THE NORFOLK, Fremantle
by JENNY D’ANGER:
With a pub lunch in our sights we scurried from Cliff Street towards the Norfolk Hotel like rats through a maze, one umbrella between four, and rain threatening.
Fortunately the heaters were blazing in the covered, atmospheric outdoor courtyard, warming us and drying our damp clothes.
Formerly the daggy, but heritage-listed, Oddfellows Hotel, it underwent a major facelift in time for the America’s Cup, quickly becoming a trendy watering hole.
Between debating whether sports obsession is healthy (two for, two against) or owning a dog is better for mental health we checked out the menu.

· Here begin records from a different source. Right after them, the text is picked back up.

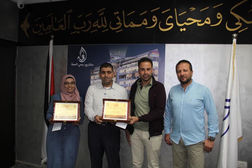 كرم المدير العام لشركة ربحي الحجة للعقار والاستثمار الحاج ربحي الحجة عدد من المهندسين العاملين لديه في المشاريع الاسكانية الحائزين على جائزة “المهندس المتميز”بنسختها الرابعة وذلك في مقر الشركة الكائن بمدينة رام الله، نظرا الى ما قدموه من جهود ملموسة خلال الفترة الماضية وحرصهم الدؤوب على مصلحة العمل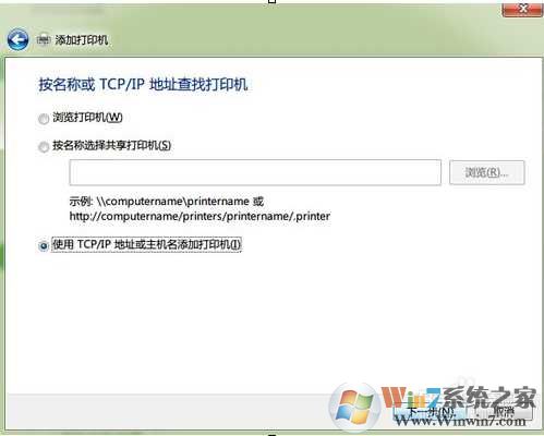 如果没有搜索到打印机,我们就要选择“我需要的打印机不在此列表中”,然后选择使用“TCP/IP 地址或主机名添加打印机”。然后点“下一步”: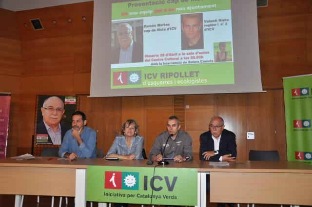 Iniciativa per Catalunya va presentar el passat dimarts, 28 d'abril, a Ramon Martos com a cap de llista dels ecosocialistes de Ripollet. L'obertura de l'acte va anar a càrrec de l'actual regidor d'Iniciativa, Valentí Nieto, que passa a ser número 2.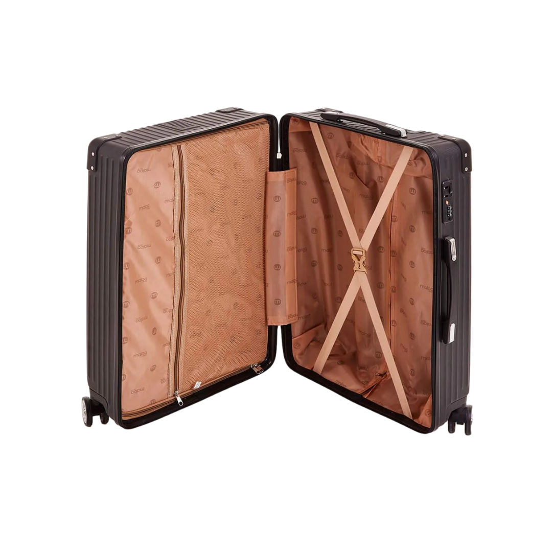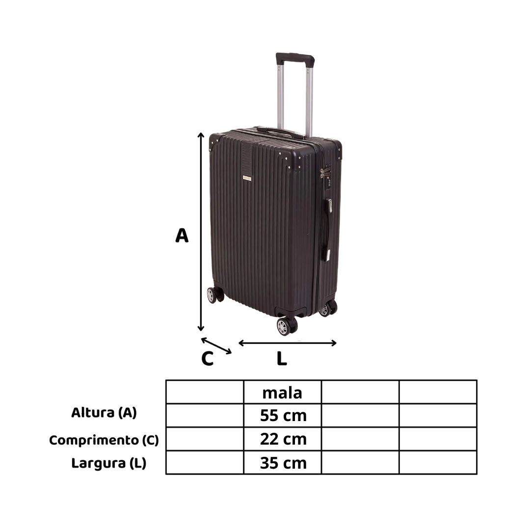 É fabricada em ABS, conhecido por sua qualidade e leveza, garantindo que sua bagagem permaneça protegida contra impactos e arranhões durante todo o trajeto.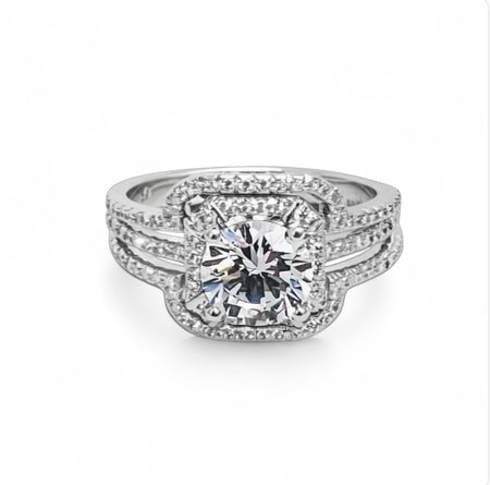 Sterling Silver Engagement Round Halo Pave CZ Set Ring-ER-126

Bruschetta ($14) is a dish that is never quite the same depending on the eatery and/or chef (I’m still getting over a place that offered bruschetta with neither tomato nor basil in it). The Norfolk’s came with finely chopped tomato and red onion, fetta and rocket, drizzled with balsamic reduction.
The raw onion really lifted the tomato mix, as did the fetta. It was delicious, but rather a small serve for $14 I thought, looking enviously at my colleagues’ laden plates and my quickly bared one.
Fozzie reckoned his spicy cacciatore pizza ($22), with bacon, chorizo, mushrooms, chili, rocket and goats curd was “thin, and crisp, yet chewy”, making it “pretty close to perfection”.
“While the cheese at times became overwhelming this pizza came within a whisker of one of the best I’ve tasted in the port city,” he intoned.
Belly’s knowledge of beer is scary for someone so young, and he waxed lyrical about the Norfolk’s range of boutique beers, many from WA.
He had no problem with the “cheesiness” of his three-cheese pizza ($22), which quickly disappeared.
Feeling at home with the miserable weather, Scotshanks (completely lame made-up nickname because Stephen is Scottish and tall) reckoned it was a day for soup—in this case spicy cauliflower ($12).
Accompanied by a couple of slabs of thick toast the rich, orange soup came in a bowl the size of a trucker’s steering wheel.
“It had the perfect balance of cream and cauliflower and tasted as fresh as a nun’s cassock—the best soup I’ve had in a restaurant in donkey’s years,” he sighed.
With prompt and pleasant service, in no time we were heading back to the office, ready to tackle what the week would throw at us.